What if we used stack-traces to allow this feature on the catch side. Specifically, you could catch AbstractArray.IndexError e which would look at the error, and only catch it if it came from a specific place. This way, if you only want to catch your errors, you could just use catch myModule.Error but if you wanted to catch any errors, you could catch the specific error type?

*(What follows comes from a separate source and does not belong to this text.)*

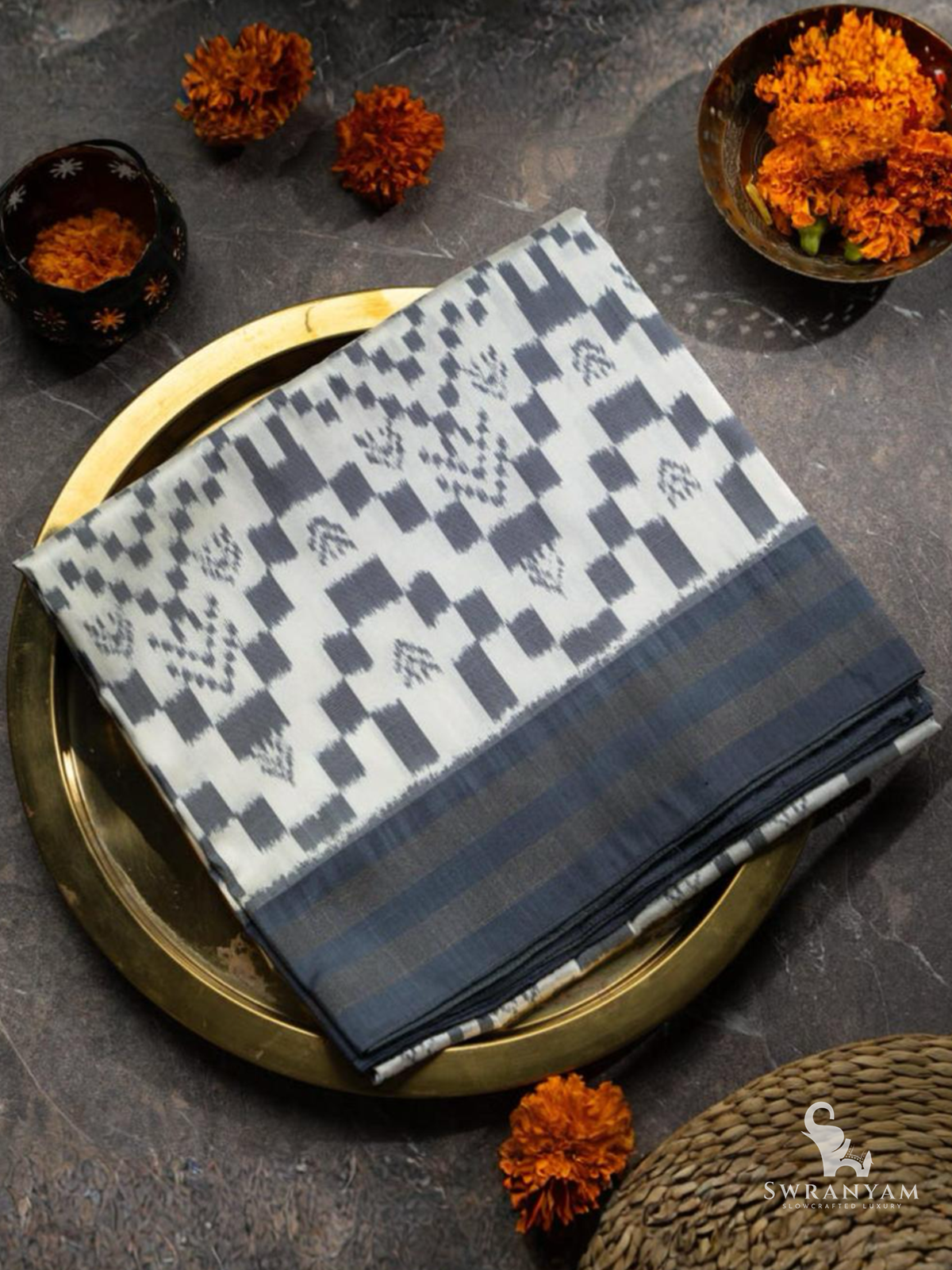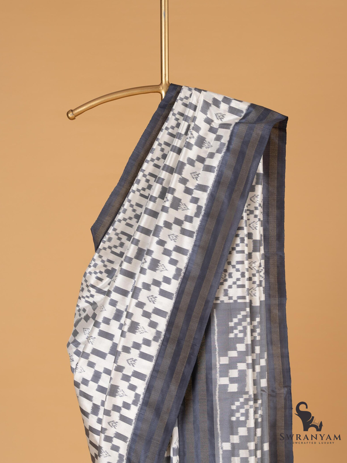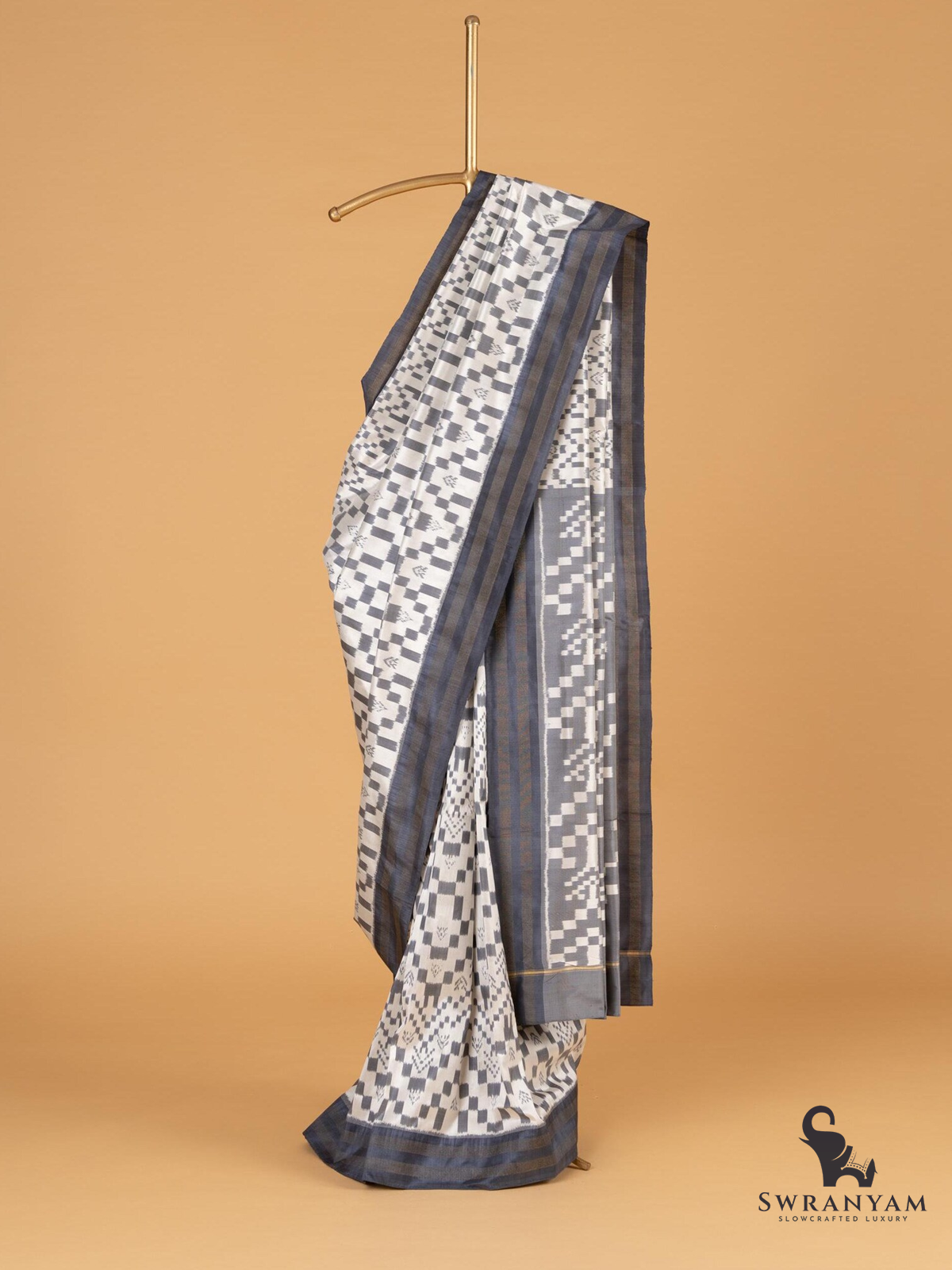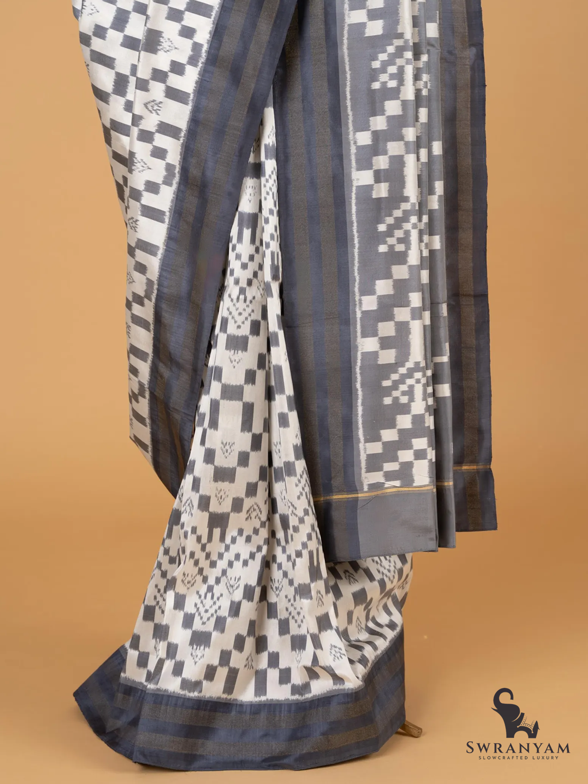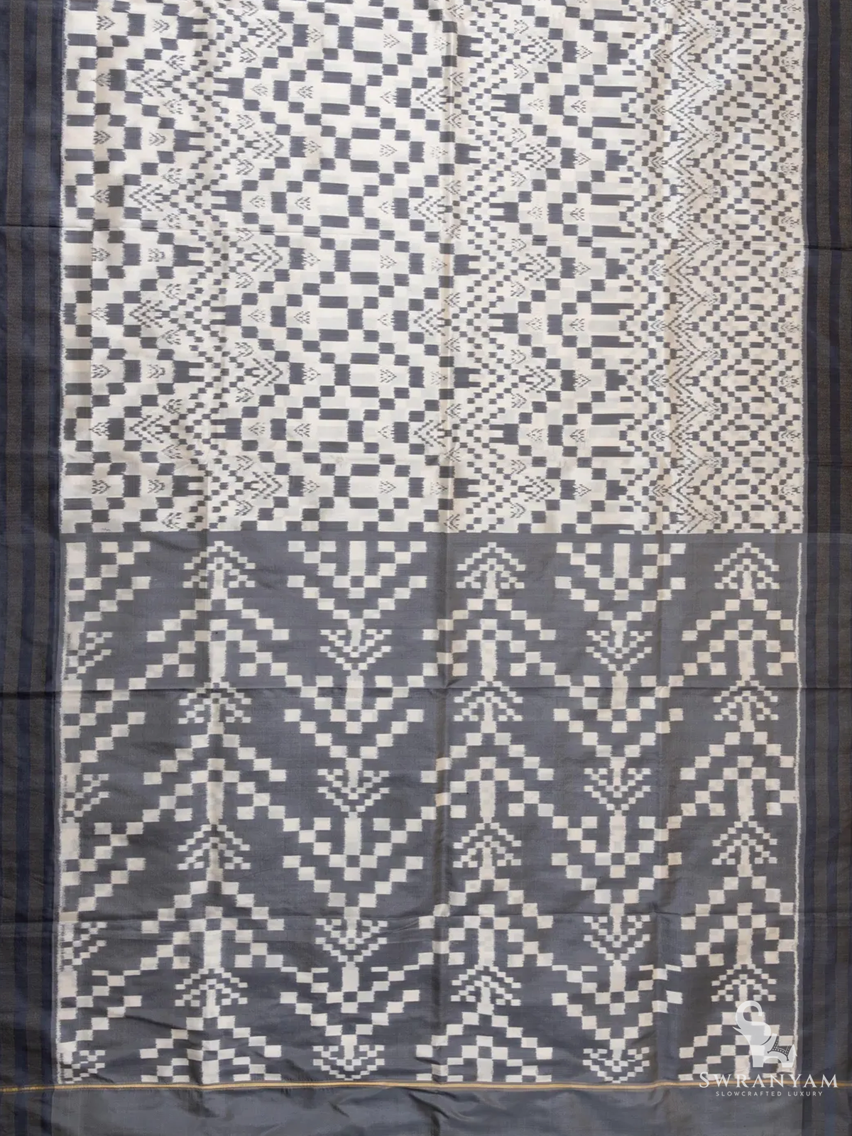 Pure Ikkat Silk Saree in Gray and White Weft with Dark Gray Border, Lightweight Elegance, Handwoven, Silk Mark Certified and Ready to Wear

At the very least, having a throws annotation on expressions would help narrow the scope of where and what kind of error can be caught in a block of code where some expressions are expected to throw while others aren't. E.g., I found myself writing the following today:

x = try f() catch
    warn("mumble")
    nothing
end
if x != nothing
    g(x)
end

This is a weird control flow, and it would have been much more natural to write this:

try
    g(f())
catch
    warn("mumble")
end

However, g might throw, which I do not want to catch. I could filter on the error thrown by f, but in this case it was ArgumentError which is extremely common and could quite possibly be thrown by g due to some unexpected condition. With a throws annotation, this would be the following instead:

try
    g(f() throws ArgumentError)
catch e::ArgumentError
    warn("mumble")
end

This syntax could be mechanically transformed into code that catches an argument error thrown by f but which passes through any error thrown by g as well as any other kind of error thrown by f. This doesn't address the problem that f might throw an ArgumentError in some unexpected way, but at least it would allow safely broadening the scope of a try block when convenient, allowing the error handling code to be moved further out of the way of code doing "real work".

Implementation idea for the full feature. When this code occurs:

function f(x)
    check(x) || throw ArgumentError("$x is very, very bad")
end

there would be a hidden bit-mask for each exception location in the body of the function (so, I guess we would have a limit of 64 exception locations in a given function, which seems acceptable), indicating whether each location is expected in the current context or not. The lowering would then be something like this:

function f(x)
    check(x) || begin
        e = ArgumentError("$x is very, very bad")
        throw(catchable[1] ? e : RuntimeError(e))
    end
end

Here RuntimeError is an error type that wraps another error type, preventing it from being caught by catch e::ArgumentError. Of course, if one wants to catch any RuntimeError then one could catch those. Old-style "catchall" catch clauses would automatically catch and unwrap RuntimeErrors, which would leave legacy code working as it did previously. Aside from passing the catchable mask around, I don't think any other changes would be required. The implicit catchable argument would only be needed when calling functions that actually throw errors – when calling a method that has no throw statements, it's not necessary.

When chaining functions catchable functions, for efficiency, one needs to translate shared slots from the caller's mask to the callee's mask. One probably wants to arrange for their callable masks to line up as much as possible for efficiency, so that this can be done with an integer &. Example:

function f()
    c1() && throw FooError()
    g() throws BarError
    c2() && throw BarError()
end

function g()
    c3() && throw BarError()
    c4() && throw BazError()
end

If one calls f() throws BarError, BazError then the callable mask for f would be set by in the caller with both BarError and BazError on. Since g throws both BarError and BazError, the callsite of g in f would want to & f's incoming mask with a static mask with only BarError and BazError set on. That way g gets a mask value with BarError on if and only if f got a mask with it on (and BazError always off since g doesn't expect that exception from f). The tricky part here would be making sure that potential caller and callee methods have compatible notions of what the mask slots mean. This problem feels somewhat similar to register coloring. Note that generating code to permute compatibility masks between caller and callee is always an option if strict compatibility can't be accomplished.

@StefanKarpinski links here from HN with: "it can be done in the 1.x timeframe instead of needing to wait until 2.0."

The implicit catchable argument would only be needed when calling functions that actually throw errors – when calling a method that has no throw statements, it's not necessary.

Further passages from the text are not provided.